South Carolina

SC lacks money to fix unsafe road where 20-year-old died

Anthony Ferrigno with his BMW and dog Logan
Anthony Ferrigno with his BMW and dog Logan Provided by the Ferrigno family

Vance Ferrigno was driving home from work Nov. 10, 2015, when he saw a car overturned in the median of U.S. 25 in northern Greenville County.

The crushed car, flipped over in the ditch, was the same turquoise green as the his son Anthony’s vehicle.

“No, please Lord. No, please Lord,” Vance Ferrigno remembers thinking.

Anthony Ferrigno died on a stretch of U.S. 25 that S.C. Transportation Department officials said Thursday needs safety improvements, including new pavement.

But it is unclear when the road will be repaved, estimated to cost about $6 million. The project does not rank high enough on the state’s priority lists to qualify for the limited dollars that the roads agency has to spend.

“This is an example of these safety needs that we have all across our state,” said roads agency chief Christy Hall.

Safety improvements needed

The car that Anthony Ferrigno, 20, was driving ran off the road and hit a concrete culvert, causing it to flip into the ditch.

Highway Patrol officers investigated. They did not think speeding was a factor, Vance Ferrigno said.

Vance Ferrigno also checked his son’s cellphone phone records, trying to determine if Anthony had been distracted when he crashed. Anthony had not used his phone in more than an hour before the crash.

A simple guard rail might have saved his son’s life, Vance Ferrigno said Thursday.

The nine-mile stretch of U.S. 25, from Hawkins Road to the Cherokee Foothills Scenic Highway, has poor pavement, missing or faded road markings, missing or outdated signs, no paved shoulders and no rumble strips to warn drivers they are close to the edge of the road.

The state Transportation Department will be able to make some short-term, low-cost improvements — such as upgrading signs — to the road, Hall said.

But, she added, “The bigger issue of addressing the pavement condition, we’ll have to work on that as funding becomes available.”

Transportation Department commissioner Woody Willard, who represents the Greenville area, said the road-repair agency likely will provide proposals to the Legislature in January to show lawmakers that if they give the agency more money, significant primary roads – like U.S. 25 – can be improved.

“If funding is not made available, then you’re going to start to see more and more failures in certain areas, not only in our bridges but in some of our road networks,” Willard said.

Recently, for example, a Greenville bridge had to be closed for emergency repairs.

“If we had been able to spend the money to maintain our bridges like we should have, we wouldn’t be having all of these emergency expenditures,” Willard said.

‘How many people have to die?’

Rebecca Cooper, a Travelers Rest City Council member, is a member of the committee that requested the Transportation Department look at the condition of U.S. 25. Cooper said her committee plans to try to get money from local governments, too, to help improve U.S. 25.

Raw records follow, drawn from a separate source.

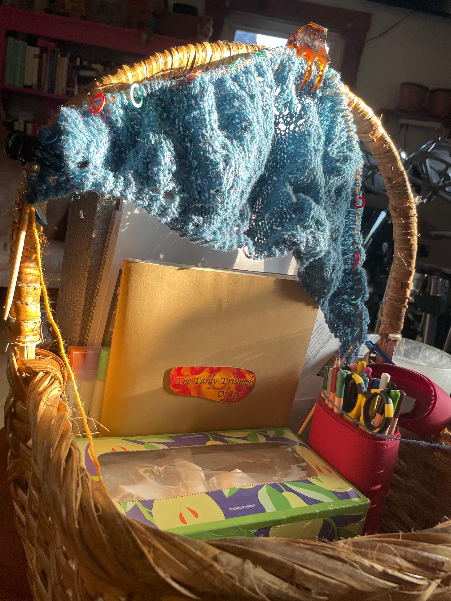 (My stash bins are so full that I could easily write a Substack called A Knitting from the Yarn of Yesterday. For those who are interested, it’s not too late to sign up for the Maine Yarn Cruise, an annual event that - this year - features 24 shops all over the state. The goal is to check into all of them by the middle of October. If you do, you get entered into a grand prize drawing. There are also other perks along the way. Personally, I don’t do it to win anything (and I am not being paid to promote it through this post). I like being in community with other knitters just as much as I do with other writers. The knit-along goes through Aug. 11, but it’s probably not too late to sign up for that, too.)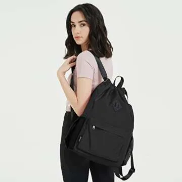 WANDF Drawstring Backpack Sports Gym Bag with Shoes Compartment, Water-Resistant String Backpack Cinch for Women Men (Large,Black)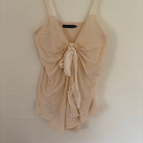 Cremefarvet bluse fra Lauren Ralph Lauren, str. M. Model Rosebell med stor flæse i chiffon. Ny og ubrugt. Sælges for 250 kr. pp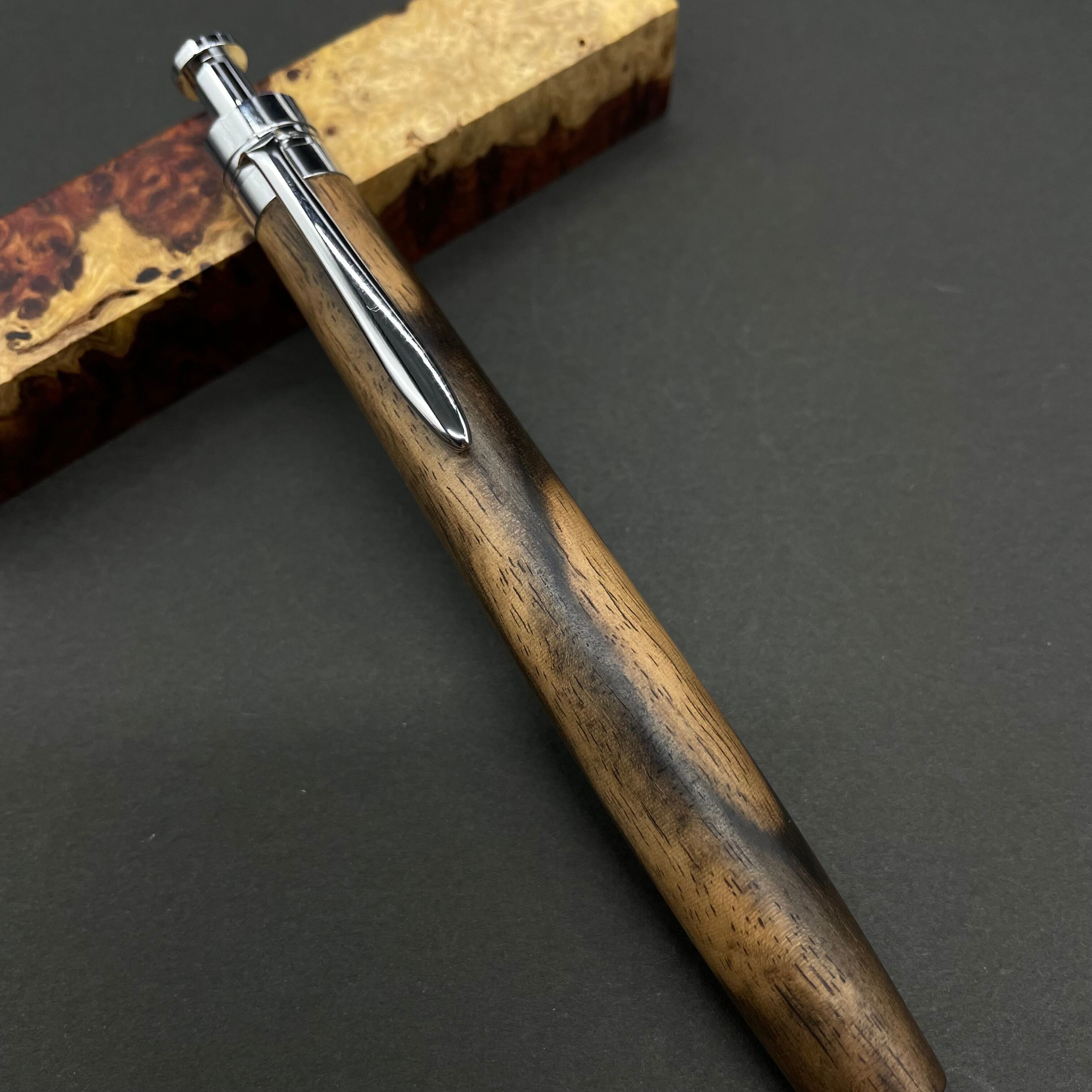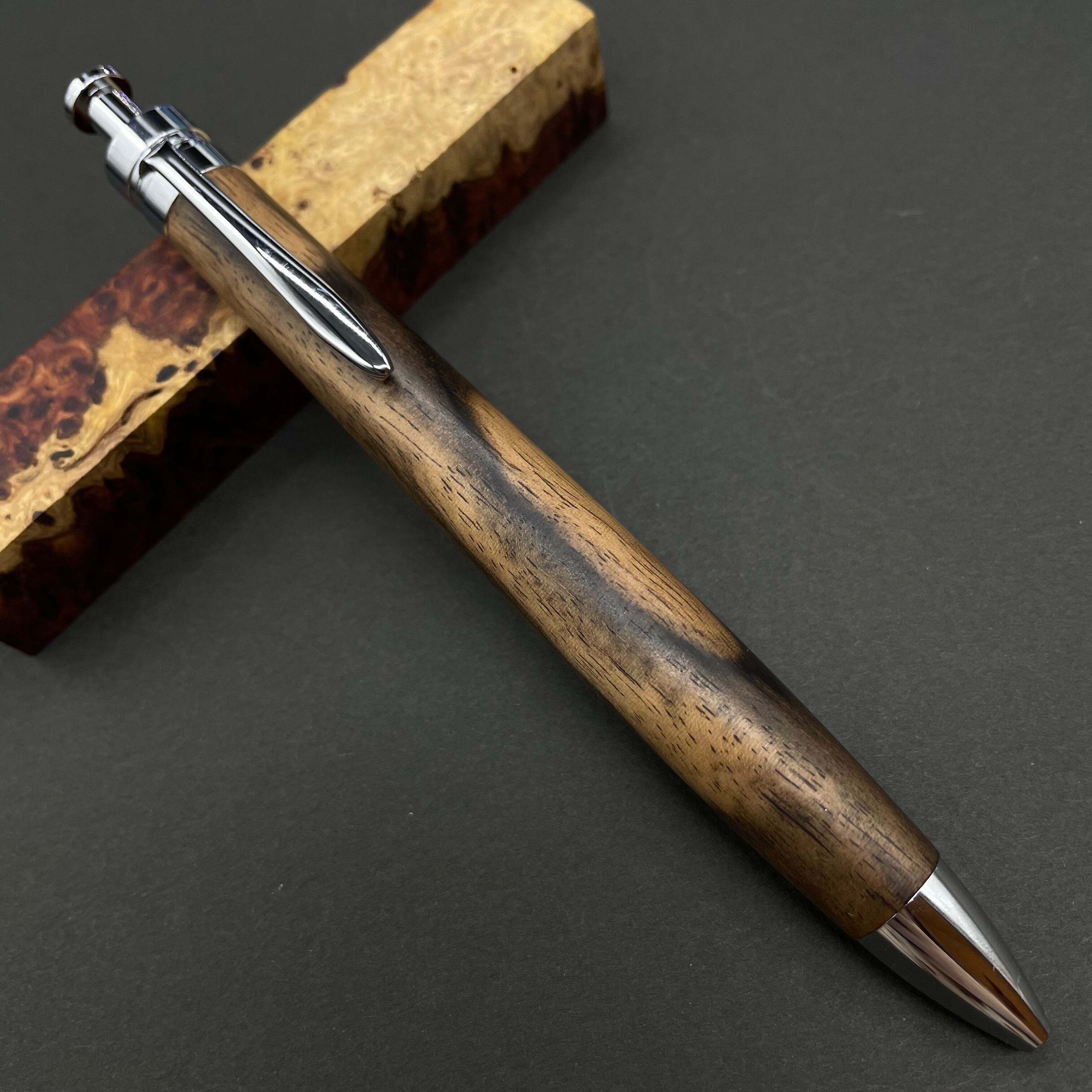 富士山のふもとで、主にインドネシアの良質な瘤材を使用し、木軸ペンをはじめとした木製小物を製作しております。

The road, which has two lanes in each direction, does not have left-turn lanes, forcing traffic in the fast lane to come to a halt for drivers making left turns. Drivers hope whoever is behind them is paying attention, Cooper said.

It also has been years since the road was paved, Cooper added. “It has been patched, and patched, and patched, and patched again.”

U.S. 25 is safer in North Carolina, where it has a wider median and cable-barrier systems, said Vance Ferrigno. Ferrigno, who has been driving the highway for 10 years, said he never thought much about the S.C. road’s lack of safety features before his son’s crash.

Now, he does. “How many people have to die to make a change in the road?”